# Jelly Bean on the tab



## JASKRU (Jun 8, 2011)

Not really a big fan of linking outside of rootz but I noticed that no one has mentioned the jb rom over on xda by MapleSyrup.

I figured I would share this link for those of you wanting to flash some jb on the p4/wifi and p4 tab.

http://forum.xda-developers.com/showthread.php?t=1765254

still no camera and the other usual ics issues we have had but I think it is fairly awesome overall.
not sure about the 3g yet, I own a p4/wifi IO tab.

I have been running the rom in the last two varieties over the last couple of days and it is my daily driver now.

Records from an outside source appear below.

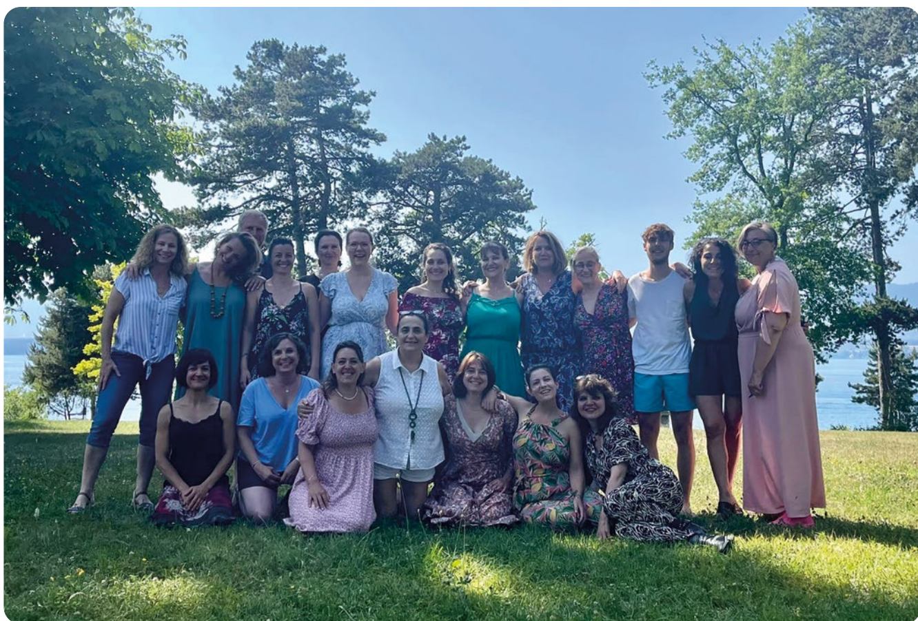
SÉMINAIRE OTIUM - 17 JUIN 2022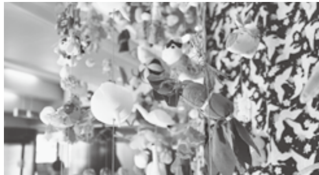
↑ 108種類の手作り雛。笹団子など地域色のある雛もあります

一つひとつが手作りの雛 3039 個からなる「つるし雛」が「NPO法人 日本つるし雛協会（北野辰会長）」から町へ寄贈されました。寄贈された「幸せを呼ぶつるし雛 / 鶴の恩返し」は、この震災で再認識された、夫婦や親子、友人との「絆」を作品のテーマにして作られています。108 種類の雛の中には、ひまわりや笹団子、へぎそばなど新潟津南を題材にしたものもあり、一つひとつ見ているだけで、とても幸せな気持ちにさせてくれます。作品は、ニュー・グリーンピアのロビーに飾られていますので、皆さんもぜひご覧ください。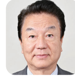
さくの ひろあき 作野 広昭(6期) (自由民主党)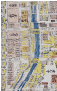
京都府管内地図 土佐藩邸付近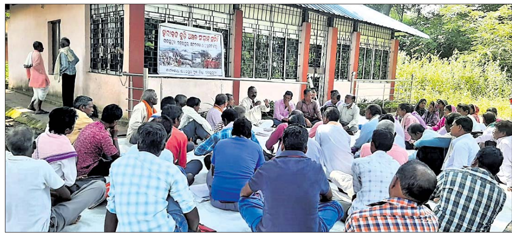
ବେହେରାଗୁଡ଼ା ପୂର୍ବ ତାଳବଜାରରେ ସଂଗ୍ରାମ ସମିତିର ବୈଠକ ।

ସମ୍ବଲପୁର ମହାନଗର ନିଗମ ଅଞ୍ଚଳକୁ ସାମାଜିକ କର୍ମୀମାନେ ଯୋଗଦେଇ ରକ୍ତଦାନ କରିଥିଲେ। ପ୍ରଦେସର ଆଦିତ୍ୟ ହୋଇଥିଲା। ପ୍ରଦେସର ଆଦିତ୍ୟ ହୋଇଥିଲା।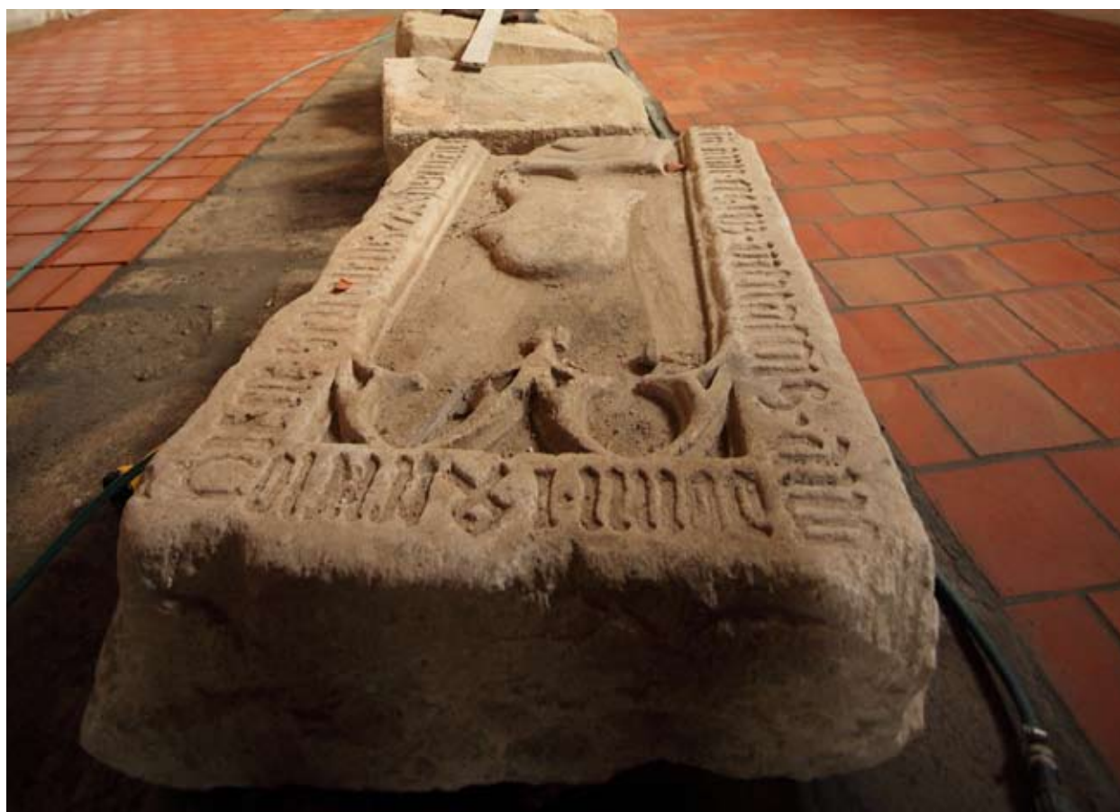
A sírkő a templom hajójában ideiglenes helyén, egy évvel ezelőtt

Az abaújházi református templomban 2008-2009-ben folyt régészeti kutatás során a hajó közepén a kőburkolatban lefelé fordítva beépített középkori sírkövet találtunk. A lelet a felirat évszáma és a művészettörténeti datálás közötti jelentős eltérés miatt több azonosítási és datálási problémát vetett fel. A sírkőről a felfedezés idején több fórumon hírt adtunk, és szerepelt a kutatásról közzétett előzetes összefoglalásokban. Hogy kinek készülhetett a sírkő és mikor, arról akkor csak igen szűkszavú megállapításokat közölhattünk. Ma a háttérinformációk alapos összegyűjtésével sem tudunk biztosan mondani, de ennek alapján közelebbről határozhatók meg az értelmezés történeti keretei és háttere, melyek feltétlenül tanulságosak.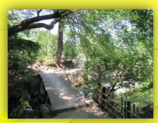
モミジのトンネル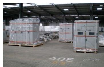
PE Folie 200 µ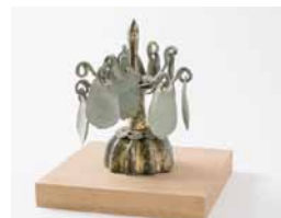
金銅製歩揺付雲珠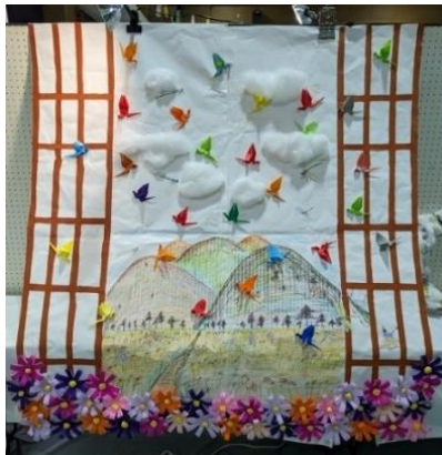
これも利用者とともに取り組んだ超大型作品「秋の風景」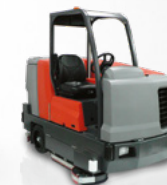
PowerBoss Nautilus do 15 200 m 2 /h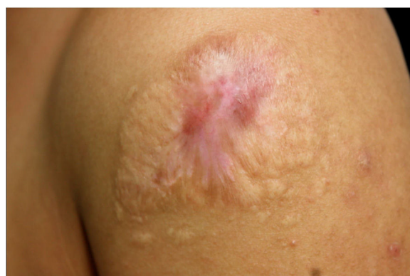
Figura 4 Lesão completamente cicatrizada após 20 meses de evolução e dois meses de tratamento com solução saturada de iodeto de potássio.

O perfil de sensibilidade antifúngica do isolado clínico identificado molecularmente como S. brasiliensis , realizado por meio do método CLSI M38-A2, apresentou as seguintes concentrações inibitórias mínimas (MIC):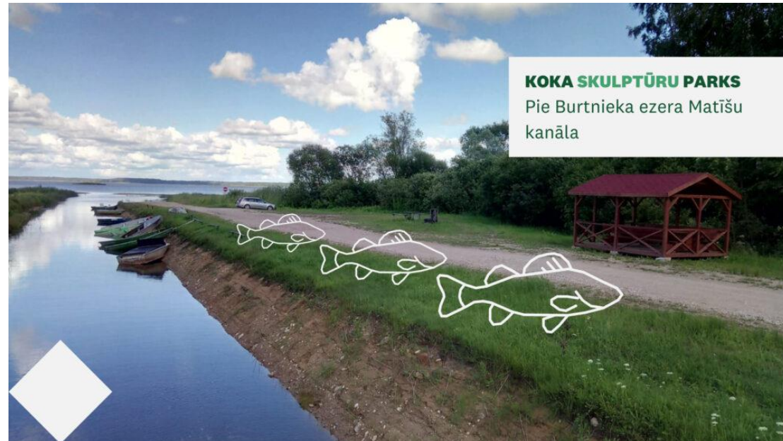
KOKA SKULPTŪRU PARKS Pie Burtnieka ezera Matīšu kanāla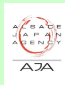
ALSACE JAPAN AGENCY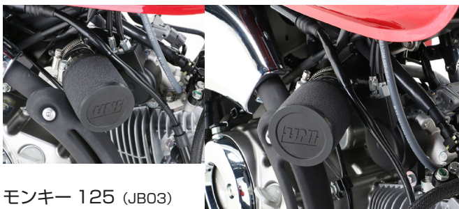
モンキー 125 (JB03)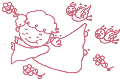
イラスト=高見佳枝さん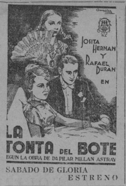
LA FONTE DEL BOTE EGUN LA OBRA DE DS PILAR MILLAN ASTRAY SABADO DE GLORIA ESTRENO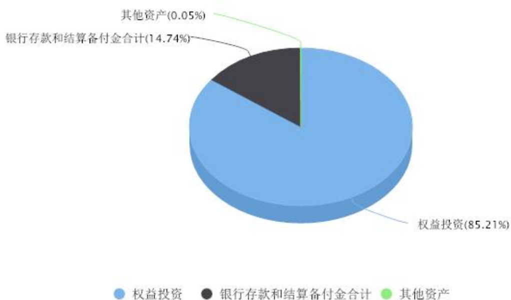
投资组合资产配置图表 数据截止日期:2023年09月30日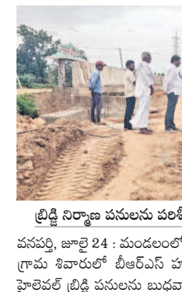
బ్రిడ్జి నిర్మాణ వసూలను పరిశీలిస్తున్న మాజీ మంత్రి నిరంజన్ రెడ్డి

• బ్రిడ్జి వసూల పరిశీలనలో మాజీ మంత్రి సింగిరెడ్డి నిరంజన్ రెడ్డి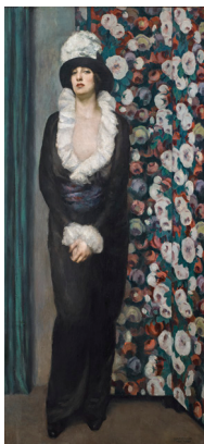
Gian Emilio Malerba L'attesa 1916 olio su tela, 190 x 87 cm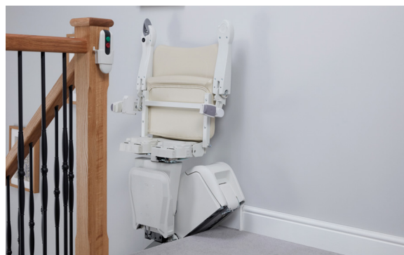
Arrêt en haut - siège relevé - l'escalier est libre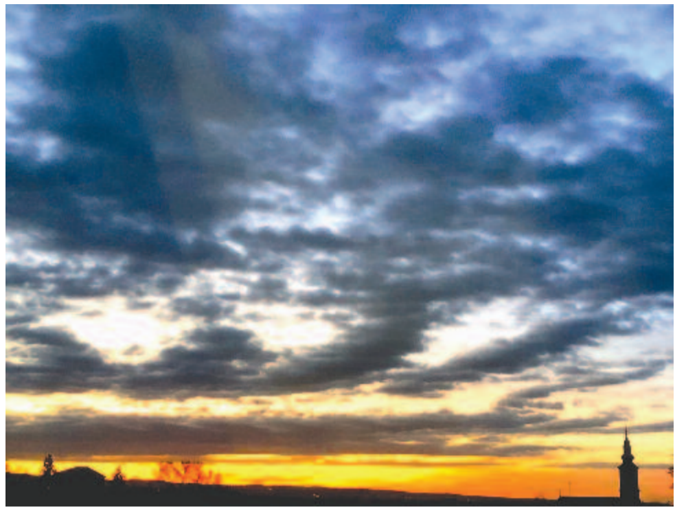
„A Keleti-Kárpátokból bésöprik a remetéket”

„Az itt következő kompozíció »szellemi indítéka« Assisi Szent Ferenc életének egyik legmeghatóbb epizódja. (...) Hiányos képes-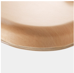
Optional WOODMARK Tischplatte in bruchfester Qualität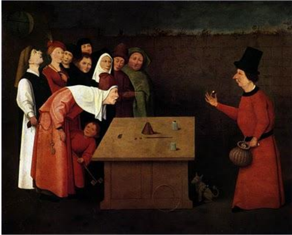
El prestidigitador, El Bosco 1502

Óleo sobre tabla 53 x 65 cm (Museo Municipal de Saint Germain en Laye – Francia)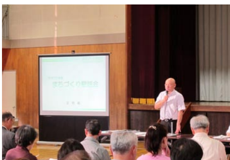
⑥まちづくり懇話会（6月）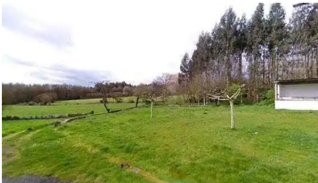
Iglesia de santa maria de cospeito iglesia catolica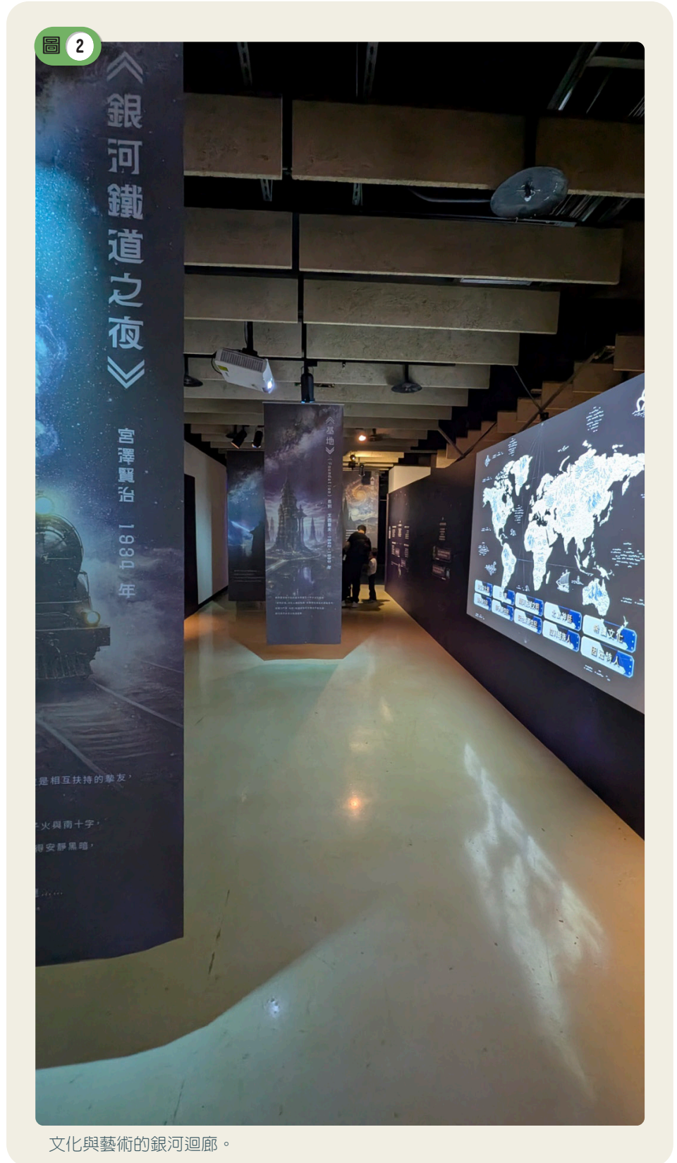
文化與藝術的銀河迴廊。

在文化與傳說的迴廊中，互動式的展板上可以讓您一窺世界各地的文明中銀河扮演的角色，細細品味我們的想像力與文學、繪畫及藝術共同激發出的多采面向，如圖2。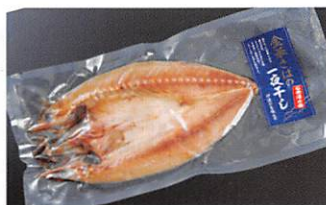
山徳平塚水産(株) 金華さばの一夜干し 賞味期限 製造日から 60日

Be sure to read the op before diving in.


----------



## bhp117 (Jan 14, 2012)

Just flashed this today and love it
I dont mind the camera since i dont use it but i notice the touch feel much more percise and responsive
Too bad no flash otherwise it's near perfect for me


----------



## JASKRU (Jun 8, 2011)

bhp117 said:


> Just flashed this today and love it
> I dont mind the camera since i dont use it but i notice the touch feel much more percise and responsive
> Too bad no flash otherwise it's near perfect for me


try this
com.adobe.flashplayer-2.apk https://docs.google.com/open?id=0B8QCzHuM8MtucVlVZDNVaGxKMEE


----------



## bhp117 (Jan 14, 2012)

JASKRU said:


> try this
> com.adobe.flashplayer-2.apk https://docs.google....cVlVZDNVaGxKMEE


Thanx
Funny thing that just works for stock browser 
I tried it for dolphing hd and chrome , it did'nt work


----------



## JASKRU (Jun 8, 2011)

For now, that is all we can get with Jelly Bean on our Tabs. I sure hope ics drops so that we can finally use our cameras again.


----------



## bhp117 (Jan 14, 2012)

Is project butter working on this build?
It feel like it to me since its much more responsive


----------



## supr2nr (Jun 12, 2011)

I'm just about sick of Samsung. I have tried I don't know how many times to get an eta for ics on our devices and they will never answer. I know they are trying to ruin it by adding touchwiz on top of it but for gods sake this is only a wifi device. It should be released fairly soon after release.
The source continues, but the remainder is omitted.